I have just been idly surfing and have landed at a discussion on whether there was a database of open databases. Of course, the answer is that there are many and they are called data hubs or registries.
I also learned that Google have a service I did not know about, the Google Data Explorer. Here's an example of per capita greenhouse gases for some countries whose name starts with 'N'. Look, New Zealand is at the top, mainly due to our emissions from pastoral agriculture.
The data is up to 2012 and is credited (in the footer of the page) to the World Resources Institute CAIT 2.0 climate data explorer. Then oddly, in the next line of the footer, is the annotation "copyright Google 2014". I guess I am surprised not to see a Creative Commons licence.
A little more exploring revealed that someone had asked the question what is the copyright if I want to use a graph on Wikimedia?. The question was asked in 2013 and has never been answered. My answer would be just get the data from CAIT 2.0 climate data explorer, make your own graph and upload to Wikimedia Commons where you of course choose a Creative Commons licence.
That reinforces this comment on the original database of databases discussion.

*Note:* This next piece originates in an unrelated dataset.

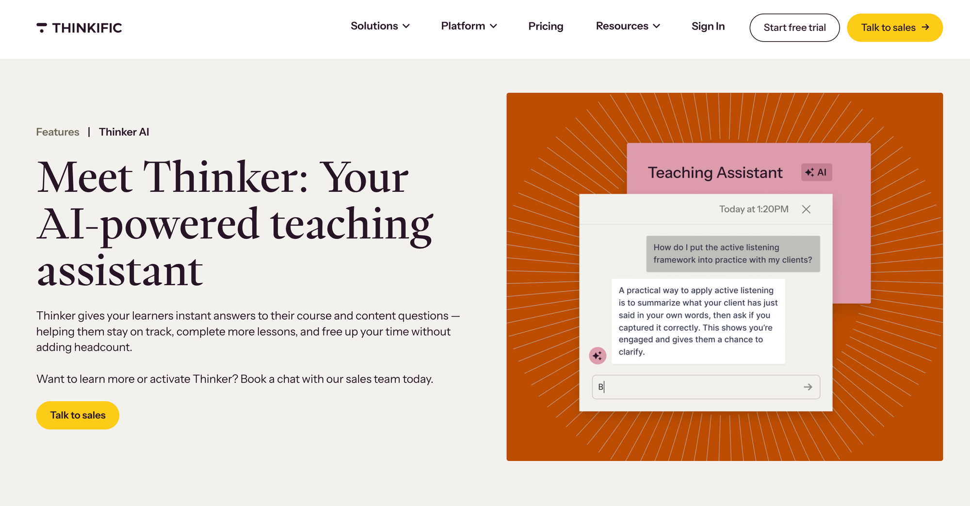 The most recent addition worth noting is Thinker, Thinkific's AI teaching assistant, which became generally available in February 2026. The idea is that you train it on your own course content and it can answer learner questions based on what you've already created, essentially acting as a first-line support layer that knows your material.

"Google Public Data Explorer is very limited in scope, rather than the comprehensive catalogue of the world's data that I suggested they might choose to do. GPDE has only 136 datasets, for which they done the manual work of putting into a database, so that they can offer visualizations. I can't see any activity on it since launch in 2010".
So I guess Google starts projects, but sometimes just doesn't maintain them.